Are you finding that your meetings aren't as effective as they could be? Here's plan!
- Have a pre-meeting meeting to discuss what will happen in the meeting.
- Have the meeting (as usual).
- Have a post-meeting meeting to discuss what just happened at that meeting.
This works best when the three meetings are back-to-back-to-back. Also, a change of scenery helps give attendees a fresh perspective, so move the meetings from room-to-room.
J
3 comments:
Just another tip for making meetings more effective, and for making yourself more popular with your co-workers as well. At meetings, pick a certain person and automatically contradict everything he says. In the course of your contradiction, be sure to exaggerate the original statement first. Here's an example: Suppose a colleague says, "Maybe we should invite Professor Smith to our next meeting." You speak up and say, "I don't think we should get into the habit of letting faculty make all our decisions for us." Or, if a cohort says something like: "Maybe our University President is unaware of some of our inflationary costs," pipe up immediately and retort, "We shouldn't assume the President is a totally ignorant moron." The more cleverly you exaggerate the original point, the more fun it is. This can become a sort of game in itself, and can keep you entertained through long, boring meetings. What's more, your colleagues are sure to appreciate your wit and creativity.
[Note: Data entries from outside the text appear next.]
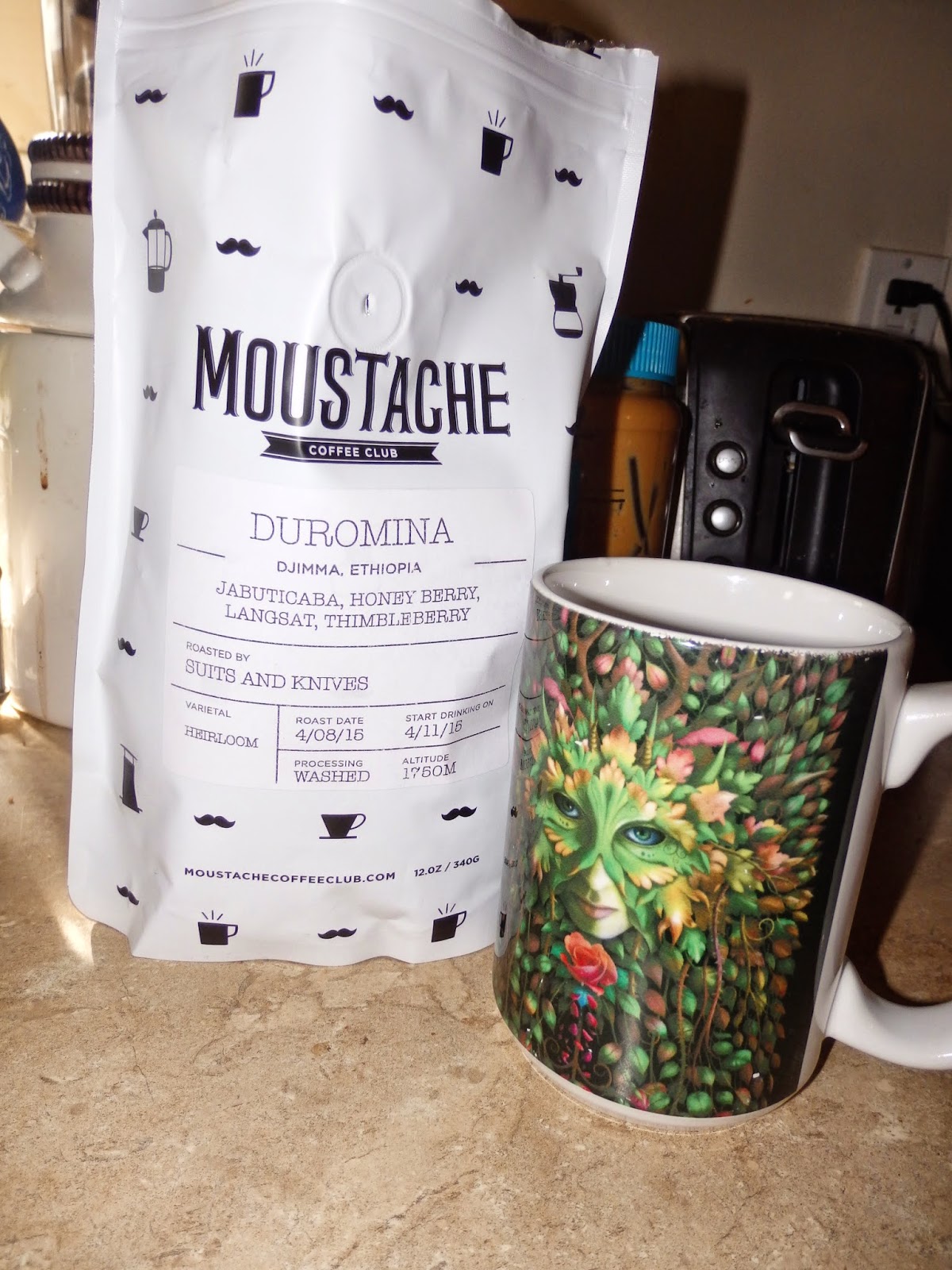 I received a bag of Moustache Coffee that came all the way from Djimma, Ethopia. Each bag tells you exactly where your coffee was grown and when it was roasted. It even lets you know how long you should wait until you start drinking it. My bag was fresh roasted on 4/8, and contains notes of jabutucaba, honey berry, langsat, and thimbleberry. This is a nice dark roast. The bold flavor will definitely chase the clouds away in the morning.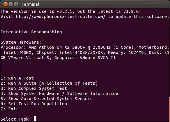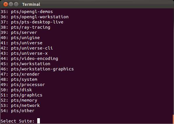 Phoronix Test Suitは、ベンチマークのメニューと選択可能な情報オプションを提供します。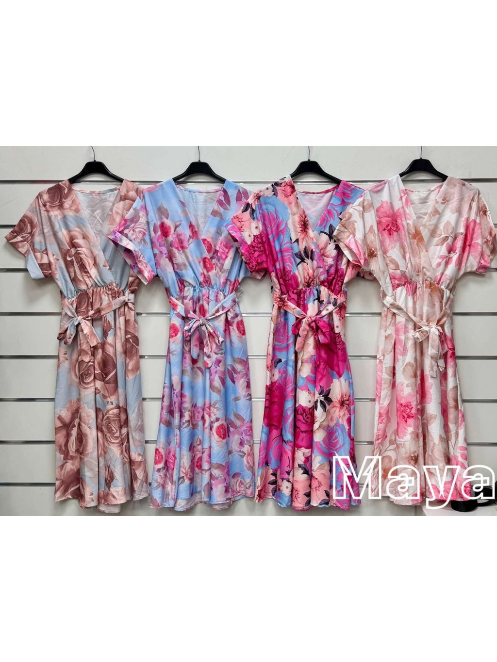 Šaty dlouhé květované krátký rukáv dámské (S/M/L ONE SIZE) ITALSKÁ MÓDA IMWMY25415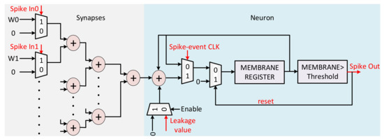 The input layer converts each input pixel value to a sequence of spikes using a design implementation of the integrate and fire (without leakage) neuron logic. The input layer converts 81 pixel values using 81 synapses in a way similar to the analog SNN implementation presented in Section 3.1. Figure 8 shows the detailed block diagram of a hidden layer implementation. Each neuron logic in the SNN has a membrane potential storage register and has a number of synapses attached as inputs. The neurons and synapses operate at discrete events represented by the rising edge of the spike-event clock. The spike-event clock is generated by dividing the system clock by an adjustable factor, which is set to 3 for the measurements results provided in Section 4.2. Each synapse, upon receiving a spike, adds its weight value to the membrane register. Whenever, the membrane potential exceeds the threshold value, the neuron generates an output spike and reset its membrane register value. The spikes are generated and received at the spike-event clock, while the width of each spike is equal to the system clock period.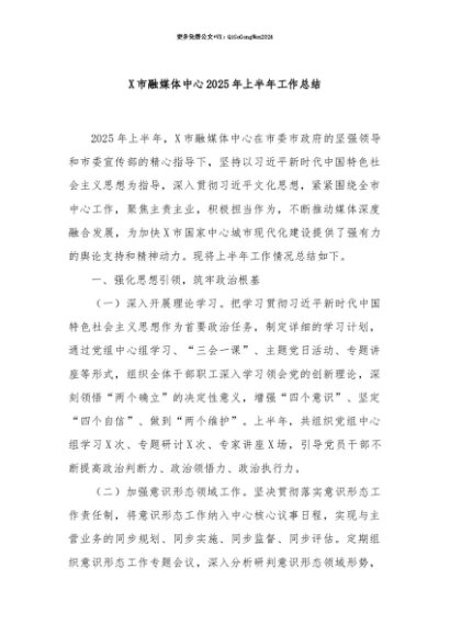 【七哥公文】2025年:【七哥公文】X市融媒体中心2025年上半年工作总结+更多免费公文+VX:QiGeGongWen2024+更多免费公文+VX:QiGeGongWen2024

One or more hours before the meeting, draw straws to see which staff people will be stuck going, and which lucky one stays behind to man the service desk.
After the meeting, hold another meeting to update the staff member(s) who didn't go.
One or more days later, hold another meeting to update the librarian on the happenings at the staff meeting, and for the librarian to update the staff on the happenings at their meeting that called the librarian away from the first meeting.
After a quick phone call from the director to the librarian, hold another meeting so the librian may pass the director's opinions, and formulate a response to be given at the next meeting.
Forget effective, try bearable. Here's a tidbit from our library's sordid past... In response to the Head Librarian's meeting-happy policies, coworkers created staff-meeting-bingo cards filled with said librarians most repeated words or phrases. Why not try this one yourself? It makes an otherwise mindnumbing situation more enjoyable, and also provides incentive to actually pay attention.